── Extracted records
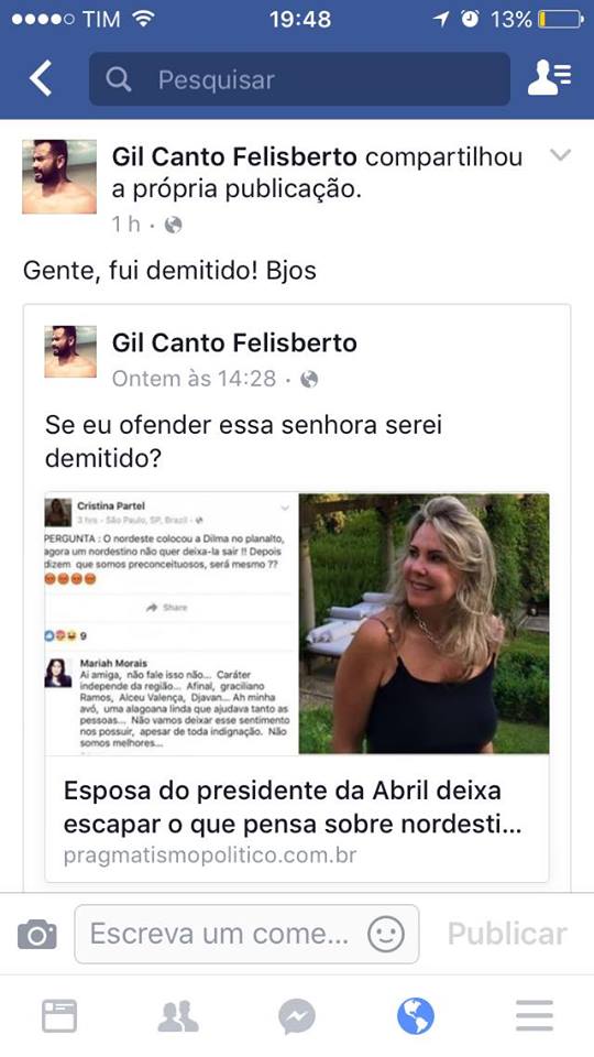 Aceito qualquer que tenha sido o motivo real da minha demissão, honestamente. O que não posso aceitar é que uma pessoa, esposa de um presidente de uma empresa como a editora Abril, use sua rede social para denegrir e/ou ofender um povo que sempre lutou pelo país.
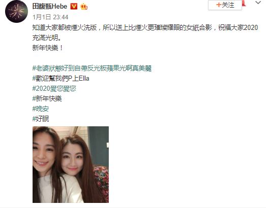 1月1日,田馥甄Hebe在微博晒出和好姐妹Selina任家萱的亲密自拍,并配文称“知道大家都被烟火洗版,所以送上比烟火更璀璨耀眼的女纸合影,祝福大家2020充满光明。新年快乐!&rdquo
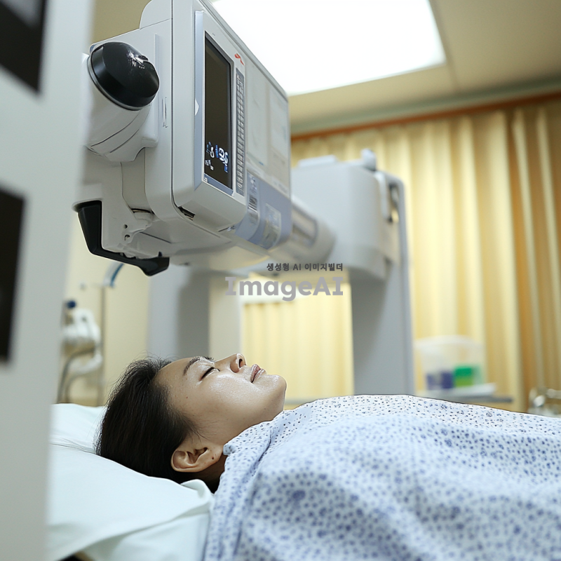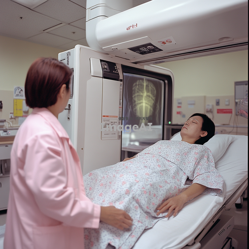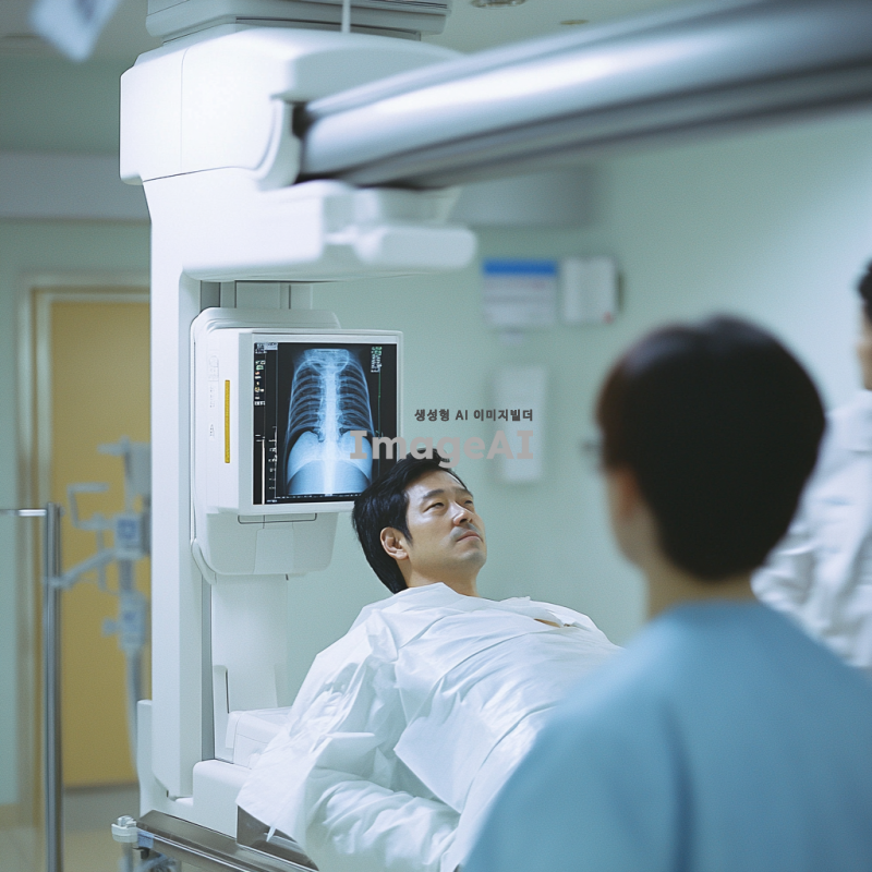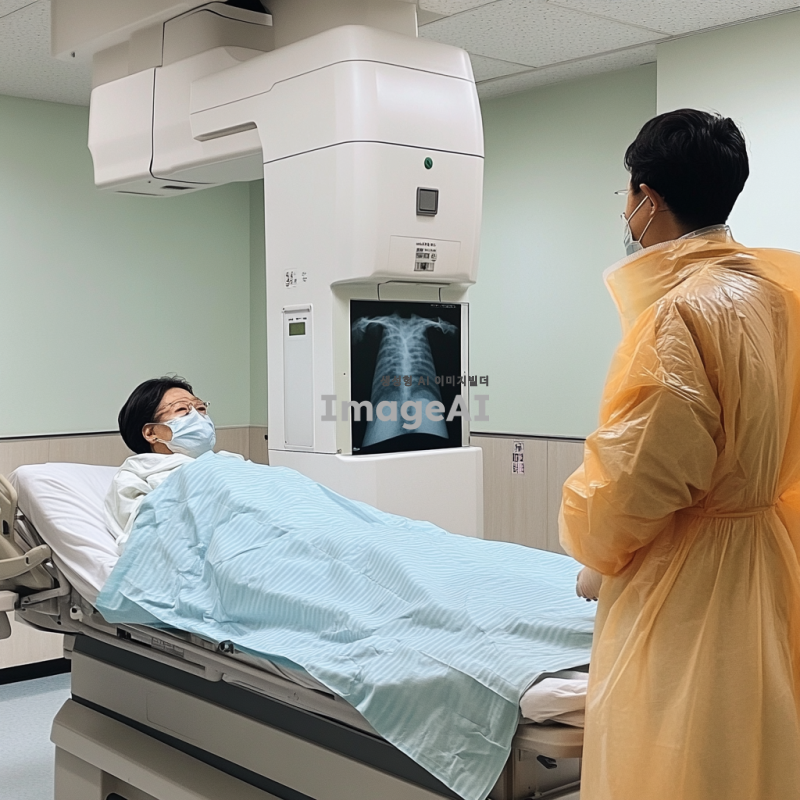 한국의 병원 환경에서 X-ray 검사를 받는 환자
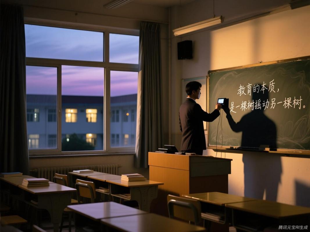 暮色漸濃時(shí),教學(xué)樓的燈光次第亮起。有學(xué)生拍下窗前的剪影:一位教師站在講臺(tái)上調(diào)試設(shè)備,身后的黑板上寫(xiě)著“教育的本質(zhì),是一棵樹(shù)搖動(dòng)另一棵樹(shù)”。秋風(fēng)穿過(guò)校園的林蔭道,帶走一片桂花瓣,卻把“老師,謝謝您”的回響,留在了每一個(gè)人的心里。
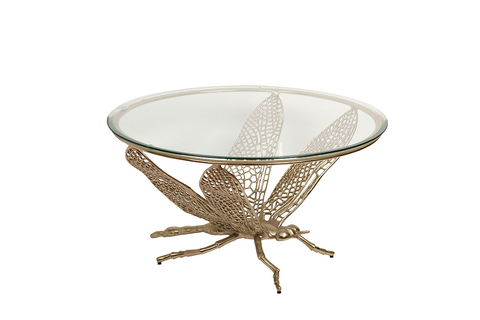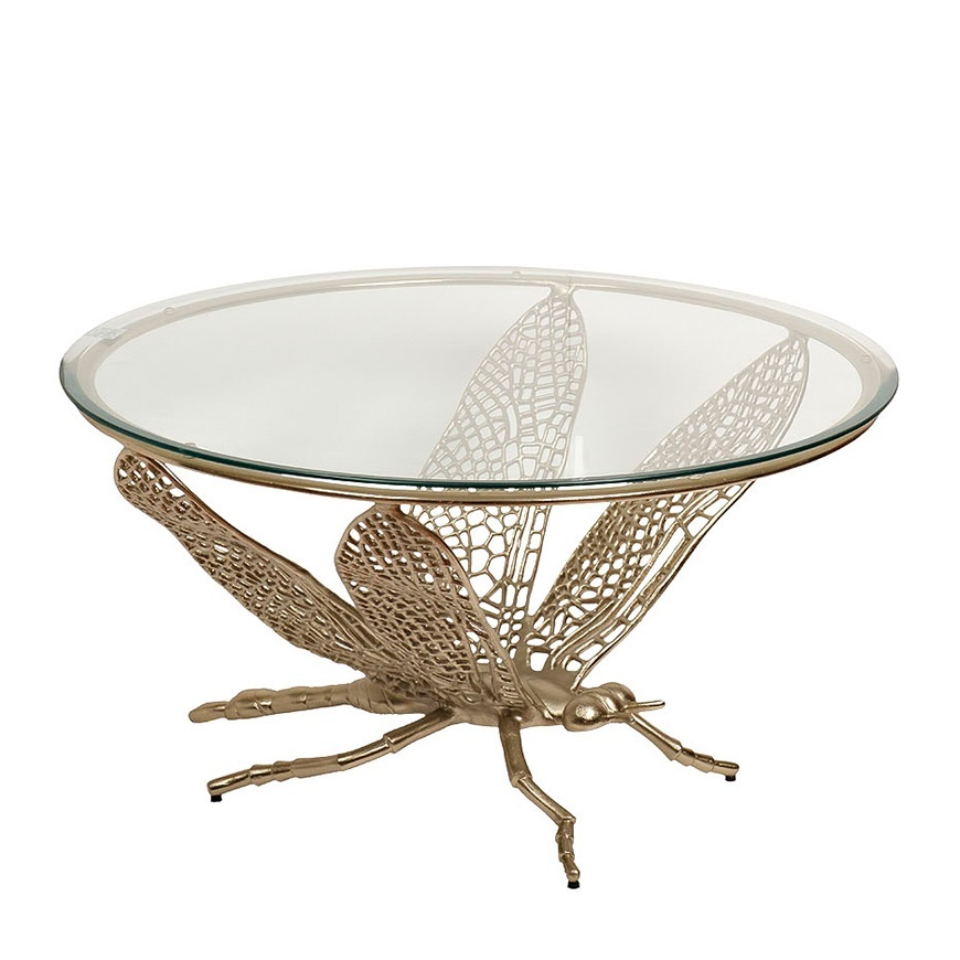Удивительный дизайнерский стол в стиле ар-деко сделает вашу спальную комнату, гостиную или холл единственными в своем роде! Изящная стрекоза из золотистого металла подпирает крыльями столешницу из прозрачного закаленного стекла. Этот стол ручной работы подойдет артистичным и утонченным натурам, станет невероятным и изысканным подарком дорогому человеку, впишется в интерьер в современном стиле, стиле ар-деко или фьюжн.
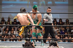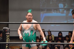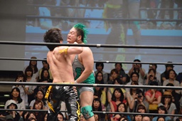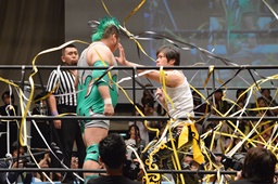 入江の入場テーマが「タチムカウ〜狂い咲く人間の証明」から途中で高井憲吾の入場テーマ「MIGHTY WINGS」に変わる。師匠思いだなあ。
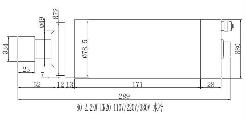 Φ80-2.2KW-ER20-110V-220V-380V 水冷电机
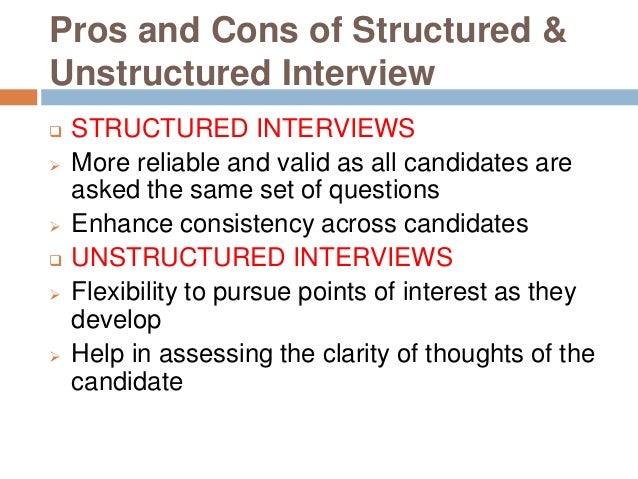 A semi-structured interview is a type of qualitative interview that has a set of premeditated questions yet allows the interviewer to explore new developments in the cause of the interview. During an unstructured interview it is very common for the interviewer to open the. A structured interview has several advantages over an unstructured interview including.
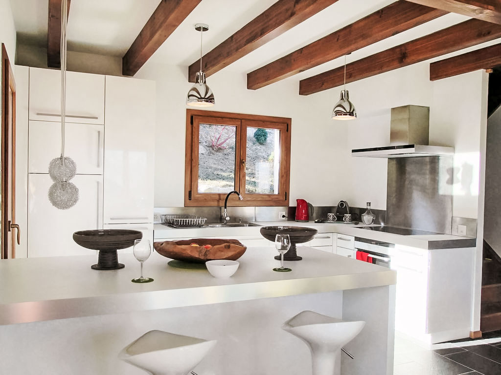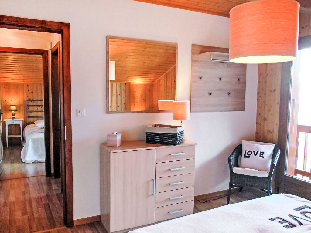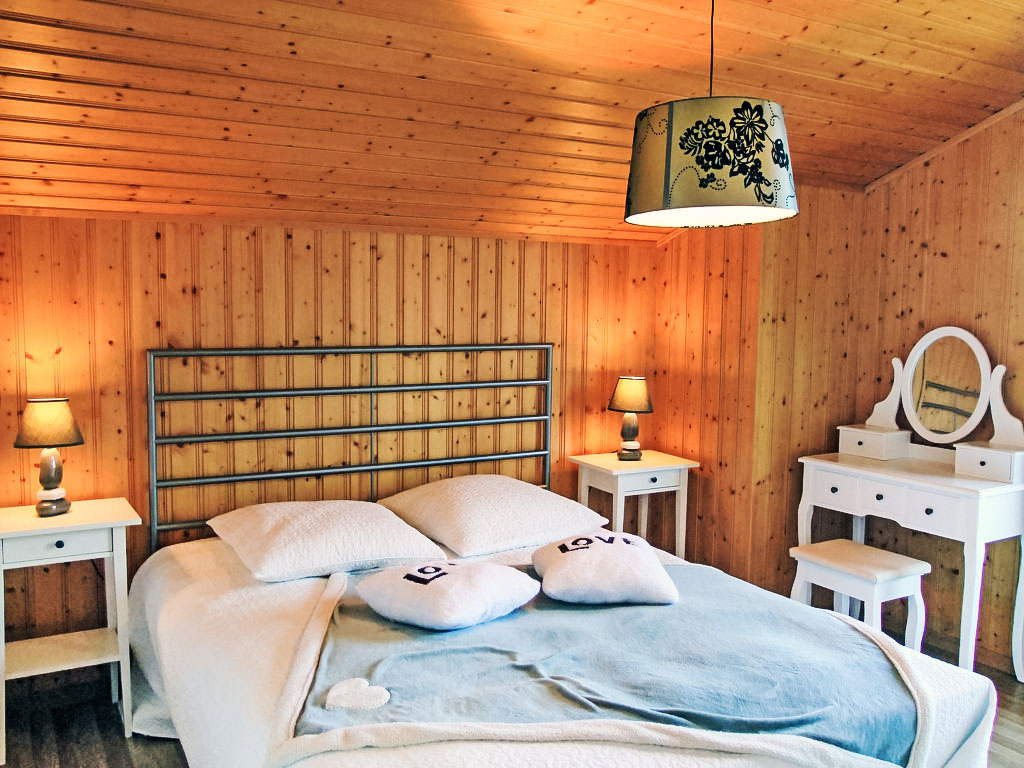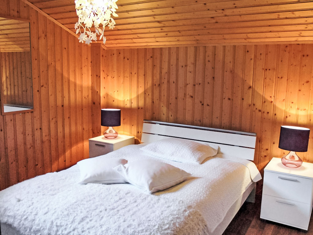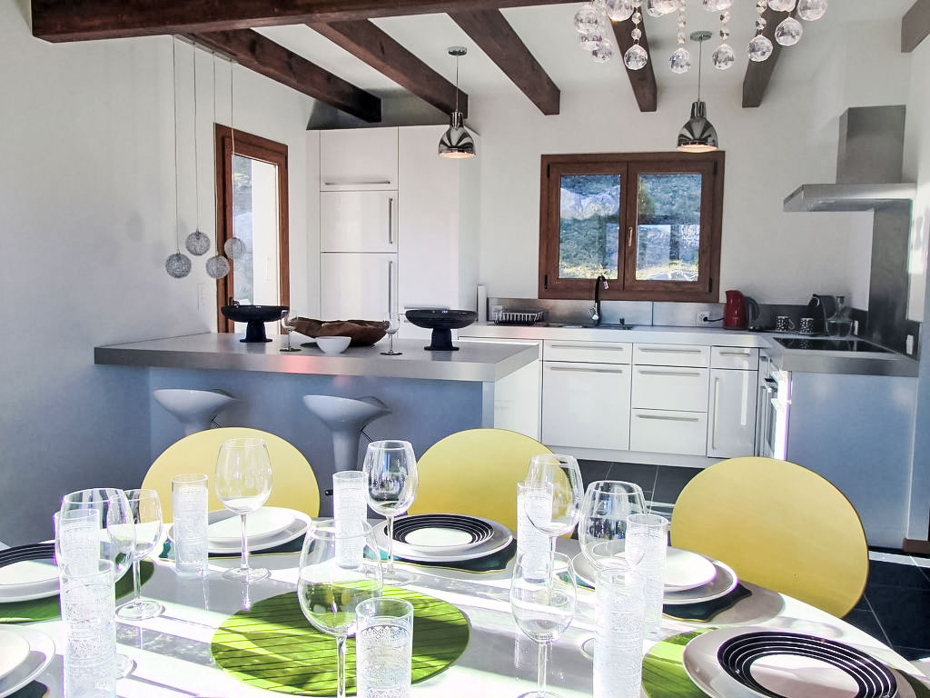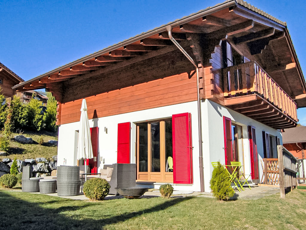 "Demi-Lune", 5-Zimmer-Chalet 150 m2. Geräumig und hell, komfortabel und geschmackvoll eingerichtet: Eingang. Wohn-/Esszimmer mit Kabel-TV. Ausgang zur Terrasse. Offene Küche (Backofen, Geschirrspüler, 4 Glaskeramikherd Platten, elektrische Kaffeemaschine, Kapseln für die Kaffeemaschine (nespresso) extra, Racletteofen, Fondue Set (Käse)) mit Bar. Dusche/WC. Fussbodenheizung. Unteres Geschoss: Spielzimmer mit Kabel-TV. Obergeschoss: 2 Zimmer, jedes Zimmer mit 1 franz. Bett (160 cm, Länge 200 cm). Ausgang zum Balkon, Richtung Osten. 1 Zimmer mit 1 franz. Bett (140 cm, Länge 200 cm). 1 Kinderzimmer mit 1 Bett (70 cm, Länge 170 cm), 1 Ausziehbett (2 x 90 cm, Länge 190 cm). Bad/Dusche/WC. Terrassenmöbel, Gartengrill, Liegestühle (2). Sehr schöne Sicht auf die Berge und das Tal. Zur Verfügung: Waschmaschine, Babybett. Internet (Wireless LAN, gratis). Parkplatz (2 Autos). Bitte beachten: Nichtraucher-Unterkunft.
────
The reply should hold only the lines running from the top of the records to the line containing "入江の入場テーマが「タチムカ", both included, copied exactly with no pictures.

* Answer section *
 Aceito qualquer que tenha sido o motivo real da minha demissão, honestamente. O que não posso aceitar é que uma pessoa, esposa de um presidente de uma empresa como a editora Abril, use sua rede social para denegrir e/ou ofender um povo que sempre lutou pelo país.
 1月1日,田馥甄Hebe在微博晒出和好姐妹Selina任家萱的亲密自拍,并配文称“知道大家都被烟火洗版,所以送上比烟火更璀璨耀眼的女纸合影,祝福大家2020充满光明。新年快乐!&rdquo
 한국의 병원 환경에서 X-ray 검사를 받는 환자
 暮色漸濃時(shí),教學(xué)樓的燈光次第亮起。有學(xué)生拍下窗前的剪影:一位教師站在講臺(tái)上調(diào)試設(shè)備,身后的黑板上寫(xiě)著“教育的本質(zhì),是一棵樹(shù)搖動(dòng)另一棵樹(shù)”。秋風(fēng)穿過(guò)校園的林蔭道,帶走一片桂花瓣,卻把“老師,謝謝您”的回響,留在了每一個(gè)人的心里。
Удивительный дизайнерский стол в стиле ар-деко сделает вашу спальную комнату, гостиную или холл единственными в своем роде! Изящная стрекоза из золотистого металла подпирает крыльями столешницу из прозрачного закаленного стекла. Этот стол ручной работы подойдет артистичным и утонченным натурам, станет невероятным и изысканным подарком дорогому человеку, впишется в интерьер в современном стиле, стиле ар-деко или фьюжн.
 入江の入場テーマが「タチムカウ〜狂い咲く人間の証明」から途中で高井憲吾の入場テーマ「MIGHTY WINGS」に変わる。師匠思いだなあ。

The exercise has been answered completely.